Now grandmother is dead!

She sat in the arm-chair, and told a long, long, sweet story. "And now it is ended!" said she, "and I am quite tired: let me now sleep a little!" And so she laid her head back to rest. She drew her breath, she slept, but it became more and more still; and her face was so full of peace and happiness—it was as if the sun's rays passed over it. She smiled, and then they said that she was dead.

She was laid in the black coffin; she lay swathed in the white linen: she was so pretty, and yet the eyes were closed—but all the wrinkles were gone. She lay with a smile around her mouth: her hair was so silvery white, so venerable, one was not at all afraid to look on the dead, for it was the sweet, benign grandmother. And the psalm-book was laid in the coffin under her head (she herself had requested it), and the rose lay in the old book—and then they buried grandmother.

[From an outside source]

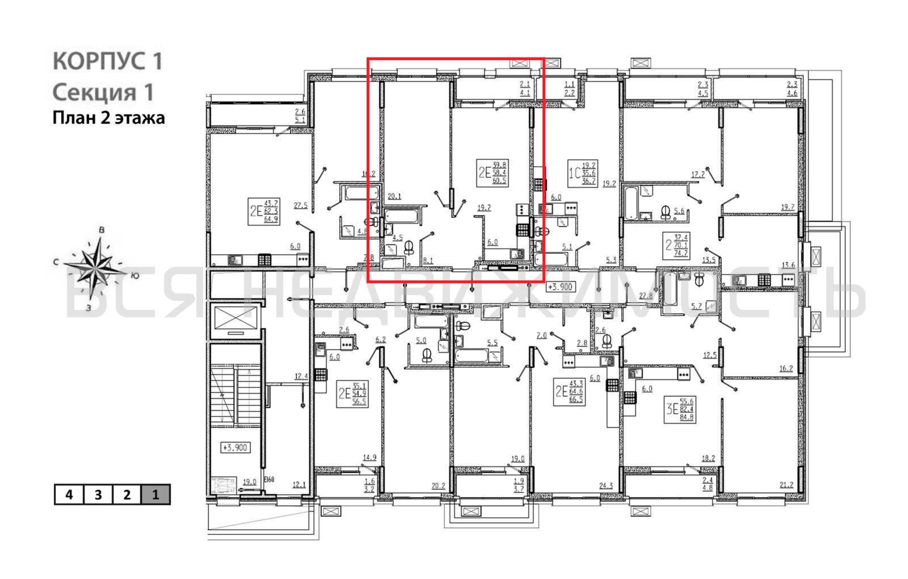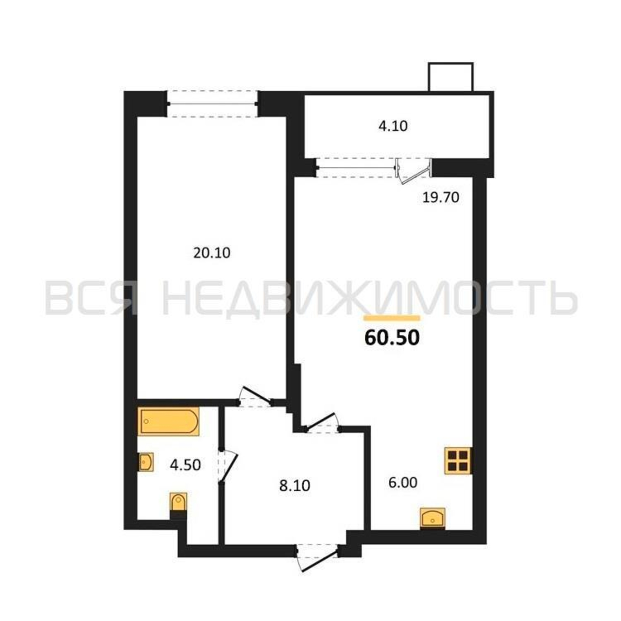 1-комнатная квартира, 60.50 м² 2/9 этаж ID объекта 100137076

On the grave, close under the church-wall, they planted a rose-tree, and it became full of roses, and the nightingale sang over it, and the organ in the church played the finest psalms that were in the book under the dead one's head. And the moon shone straight down on the grave—but the dead was not there: every child could go quietly in the night-time and pluck a rose there by the churchyard-wall. The dead know more than all we living know—the dead know the awe we should feel at something so strange as their coming to us. The dead are better than us all, and therefore they do not come.

There is earth over the coffin, there is earth within it; the psalm-book with its leaves is dust the rose with all its recollections has gone to dust. But above it bloom new roses, above is sings the nightingale, and the organ plays:—we think of the old grandmother with the mild, eternally young eyes. Eyes can never die! Ours shall once again see her young, and beautiful, as when she for the first time kissed the fresh red rose which is now dust in the grave.


THE PRISON-CELLS


By separation from other men, by solitary confinement, in continual silence, the criminal is to be punished and amended; therefore were prison-cells contrived. In Sweden there were several, and new ones have been built. I visited one for the first time in Mariestad. This building lies close outside the town, by a running water, and in a beautiful landscape. It resembles a large white-washed summer residence, window above window.